Dual 505 update
On Tue, 10 Mar 2015 13:15:43 +0000 (GMT), Jim Lesurf
wrote:
In article , Sumatriptan
wrote:
On 09/03/2015 20:49, Trevor Wilson wrote:
MORAL: With sufficient intensity, human hearing can extend way past
20kHz.
I wouldn't exactly call the sensation of a high level 20 kHz tone
'hearing' more like 'detection'. My normal hearing barely extends to
9-10 kHz these days but I was aware of an odd clicking sensation (best
way I can describe it) in an a relatives garden. Turned out to be a cat
repellent gadget. Sensation vanished when it was switched off.
I've also been aware of a vaguely uncomfortable feeling standing close
to a shop window that had some sort of 'anti-teen' sound device
installed. Couldn't hear anything at all...just an awareness of
something unpleasant. And I'm no teen.
FWIW Oohashi and others published research papers some years ago which
reported doing things like brain scans whilst people listened to sound
with/without and 'ultrasonic' portion.
Played by itself, people couldn't hear the 'ultrasound'. But their
brainscans were different with/without it when the main music was played.

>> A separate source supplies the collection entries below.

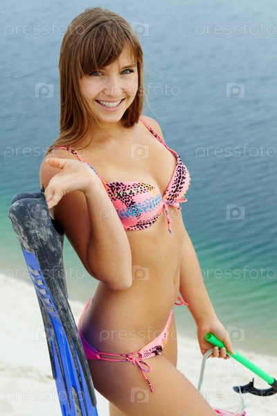 Девушка с ластами и маской для дайвинга на пляже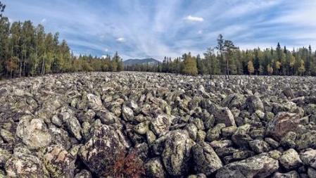 石头河位于巴什科尔托斯坦共和国的别洛列茨克地区,形成于10000年前的冰川地质活动。长度达到6公里,平均宽度200米,最宽处有700多米。乱石密集程度之高,从天上看下去,就好像是一条波光粼粼的大河,十分壮观。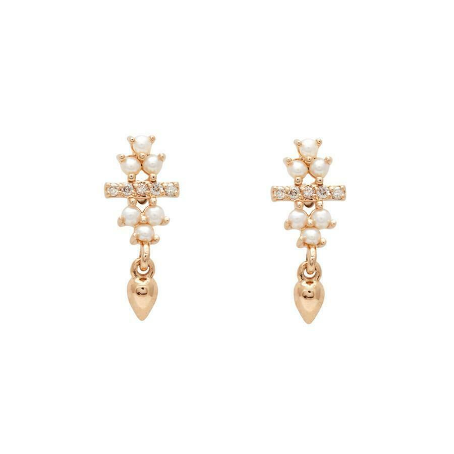 0.2ct Round Diamond & Pearl Vintage Inspired Dangle Earrings 14k Rose Gold Over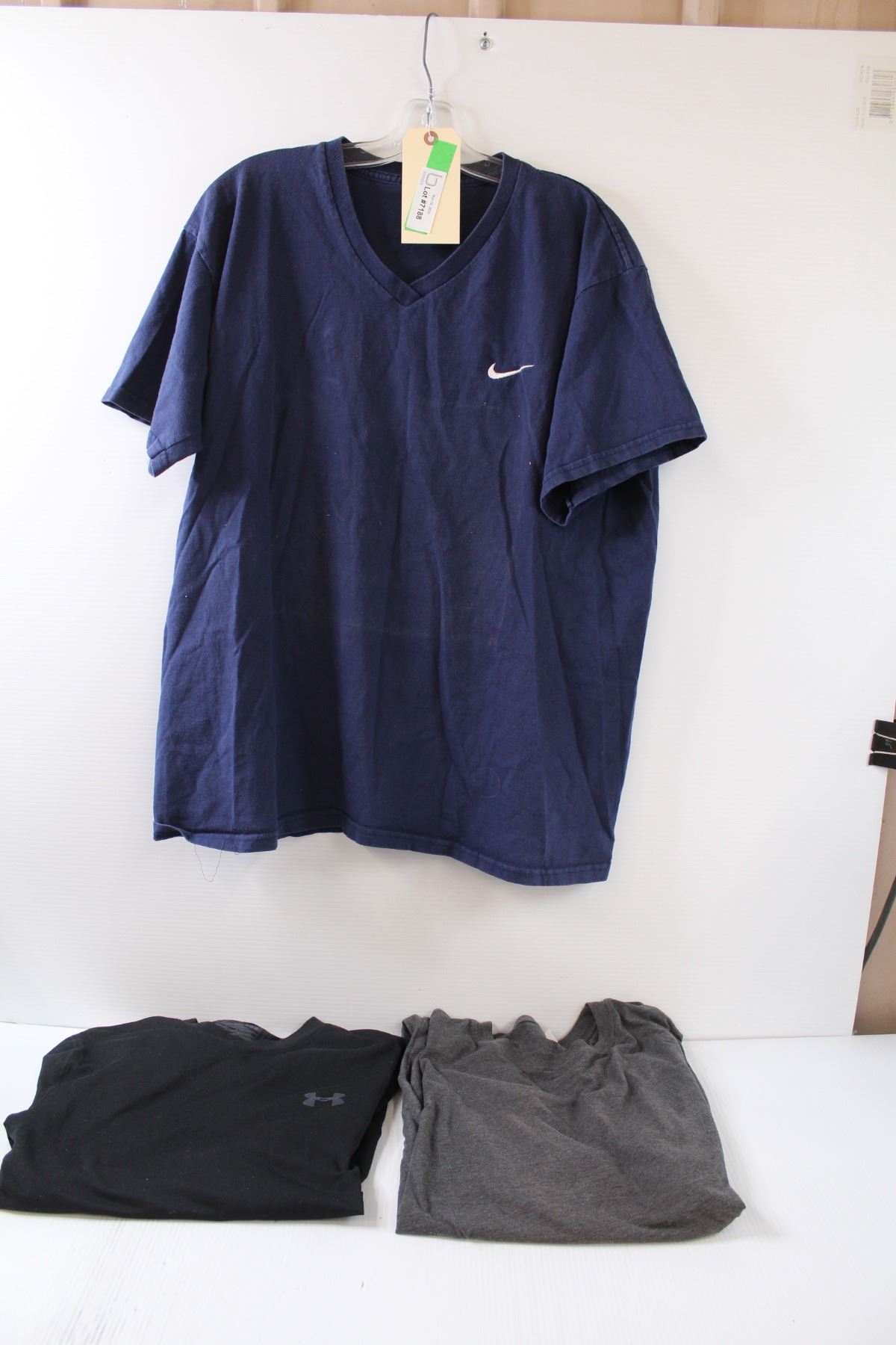 (3) Nike t shirt, Under armour long sleeve shirt, grey t shirt- large fitting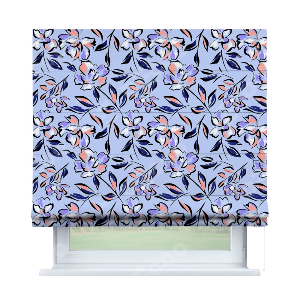Римская штора производителя «Cortin», используется для проёма, пошита из ткани блэкаут с нанесением сублимационной печати «Цветочки и листочки». Имеет универсальный механизм и подходит для монтажа: на потолок, на стену и в нишу.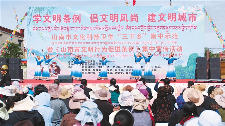 近日,山南市委宣傳部、市文明辦聯(lián)合扎囊縣委宣傳部在扎囊縣阿扎鄉(xiāng)章達(dá)村,開展了以“學(xué)文明條例 倡文明風(fēng)尚 建文明城市”為主題的山南市文化科技衛(wèi)生“三下鄉(xiāng)”集中示范暨《山南市文明行為促進(jìn)條例》集中宣傳活動(dòng)?!D為活動(dòng)現(xiàn)場(chǎng)。記者 汪純 攝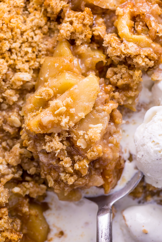 Love apple crisp? Then you have to try this Chai Spice Apple Crisp! The apples are coated in warming spices like cardamom, allspice, cinnamon, cloves, and ginger! And the buttery oatmeal crumb topping is sweet, crunchy, and just begging to be topped with a big scoop of vanilla ice cream! This is the ULTIMATE Fall dessert, if you ask me!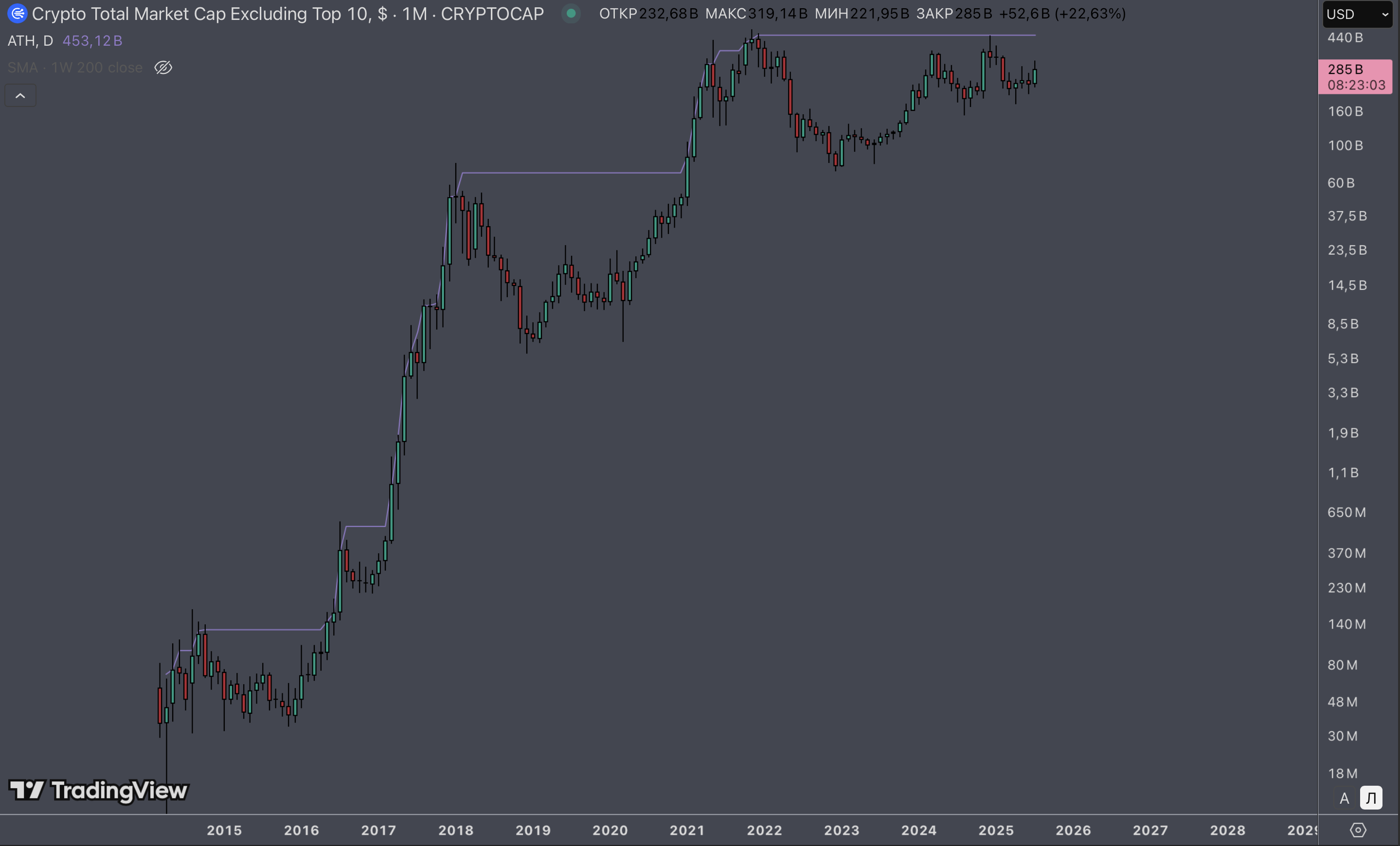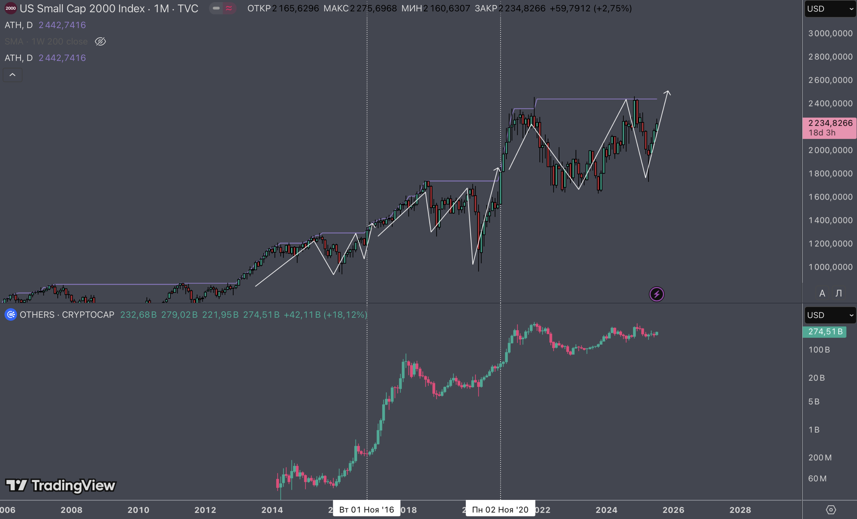 На следующий цикл подспизжу у Шизоидного Инвестора идею с корреляцией Рассел2000 и альты. Рассел всегда сильно корректируется в какой-то момент, потом доходит к прошлому АТХ, но, не пробивает его, а уходит на вторую коррекцию, после чего пробивает старый АТХ и идёт делать новые. Момент пробива АТХ и закрытие месячной свечи выше = начало бесконечного роста альтговна почти без коррекций. Есть вариант для более жадных – не ждать закрепа Рассела для входа в альту, а заходить в неё во время второй коррекции Рассела, выкупая падение альты частями.

So it seems possible that high frequency tones which are - in isolation -
'inaudible' may affect our perception when they accompany clearly audible
lower frequency sounds.
This isn't particularly surprising if true since human hearing physiology
is known to be highly nonlinear.
What it means for listening to music is harder to say. But it does make it
plausible that there *might* be some advantage in having bandwidths above
20kHz even when you can't hear isolated tones at that frequency, at least
in some cases.
Jim
I think a likely explanation is the simple non-linearity of the ear
causing audible intermod products when the ultrasonics were on.